11 things you do not make in an early relationship

When you get to know someone better, this can be exciting or stressful. However, there are ways to minimize the risks of saying or doing something that kills the relationship before it begins.


When you get to know someone better, this can be exciting or stressful.

You like to know the person's pleasures. But there is also a degree of insecurity. You worry about doing or say something inappropriate, which may seem like you're a weird. However, there are ways to minimize the risks of saying or doing something that kills the relationship before it begins. Here are 11 things to avoid an early relationship.

1. Behavior too sticky / needy

It is normal that at the beginning of the relationship you want to spend as long as possible with that person. This feeling is probably divided. But if that someone wants to participate in an event every Tuesday or to go to a coffee with friends without inviting you, does not allow jealousy to overwhelm you. When your relationship increases, there will be enough time to integrate yourself into social life, including you will come to know them your closest friends. At the same time, it is important to have your own lives outside the relationship.

2. You plan your future together too quickly

When you make the transition from going out to the meeting to be in a relationship, there is a euphoric feeling, and excitement that can not be ignored. It's extraordinary! Even the little mistakes will find them uncomfortable. Maybe he / or she is the right person! It is the way to think about what can cause to big mistakes in many people, by making plans for the future. If you are just a few weeks or months, it's too early to talk about mutate together. A wedding planning is not right. Feel good in relationship and patience. There is no reason to hurry.

3. To make comparisons with former / former girlfriends

If you encourage your friend / girlfriend what difreviations or similarities exist with past partners, you will send two inappropriate messages. First, you can signal that you have not yet passed the old relationship, especially if you reflect this in a positive way. Second, you will put a high pressure on your partner, so that he / she meets the requirements you have, even if you have the impression that it is a compliment to praise it that it's better than Jake or better than Jennifer.

4. To have expectations for your partner to be according to your ideals

While compatibility and interests are important factors of any relationship, you must allow a slight flexibility. Over time, after several meetings, do not treat opportunities as a human resource manager. Do not be obsessive and do not create mental notes about your preferences in gastronomy, how interested is about sports, and how much it wants to spend. Accept it for what is, and uses this criterion for long-term relationship.

5. Ignoring red signals

Since you can not expect your partner to be perfect from all points of view, there is a risk of losing sight of all negative aspects, hoping that they will change over time, and try to convince you that those Character's shortcomings are not Big problems. If you notice that things have certain features with which you will handle hard - maybe things you will face, and you will make doubtful and inappropriate decisions, or may have a political or religious look, these cumulative things lead to conflict - there is a great chance that the relationship does not last.

6. To appear at the partner's job

Make surprises friend / girlfriend by cooking something good or sending flowers (or even better, tickets to Super Bowl) is a good gesture. But to appear at work at the beginning of a relationship especially if your partner did not even mention you colleagues - it can be shameful and strange. He gives a few months until you make this gesture.

7. To give money loan

If you meet someone very little time, and he / she begins to ask for money, does not do good to a future relationship. To begin with, it is a clear indication that that person has financial difficulties. Second, by gesture, it is given the message that you are a guarantee, which is not good in a relationship that has just begun.

8. Focusing only to the intimate part of the relationship

At the beginning of the relationship, you will do many things that are beautiful. But you do not have to neglect other elements, including emotional compatibility. Finding common interest, and be prepared to listen to them when you have a bad day, will enroll the relationship.

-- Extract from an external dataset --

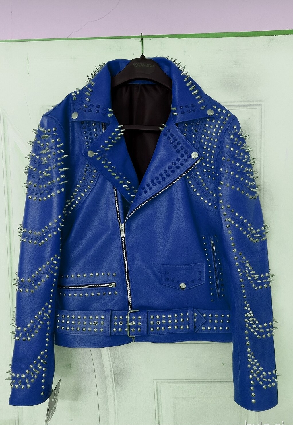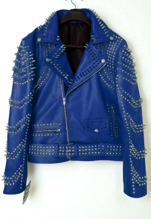 Crafted Leather New Women Punk Blue Silver Long Spiked Studded Brando Biker Leather Jacket
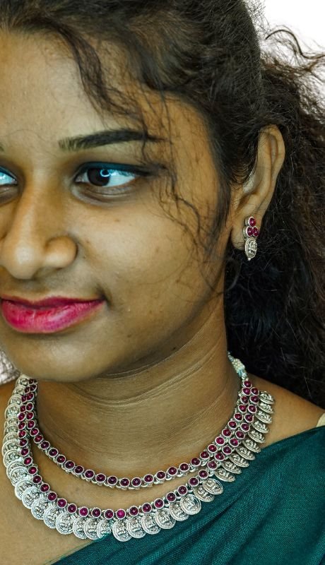 The Triya Ratna Kaasu Malai is a stunning three-layer necklace featuring a traditional kaasu malai and two delicate strands of red stone necklaces, accompanied by matching ear studs. A perfect fusion of elegance and tradition.

9. To say the word starting with "I"

While we all determine when we love our partners, you should not say "I love you" until you are convinced that the feeling is mutual. Otherwise, your partner will feel guilty that he can not follow that feeling. For some, the pronouncement of these words takes 3 months, for others can 6 months.

10. To make her knowledge with all my family

There is nothing wrong in asking the friend / girlfriend to meet a relative at noon or cocktail, but if you are in a relationship of just a few weeks and invite the partner at the 80-year anniversary of grandparents, it is a doubtful decision . You should give more time for this aspect before you make the decision. The last thing you want to know is your family to see the direction in which the relationship follows.

11. To pretend to be someone other than the true one.

When you meet someone who can be potential friend or friend, tempting to introduce you to be better and more fain than in reality is a good thing. However, it is impossible to do this in the long run. It is good to be yourself, and they either like you (and possibly will love you) or maybe not, in this case, go further.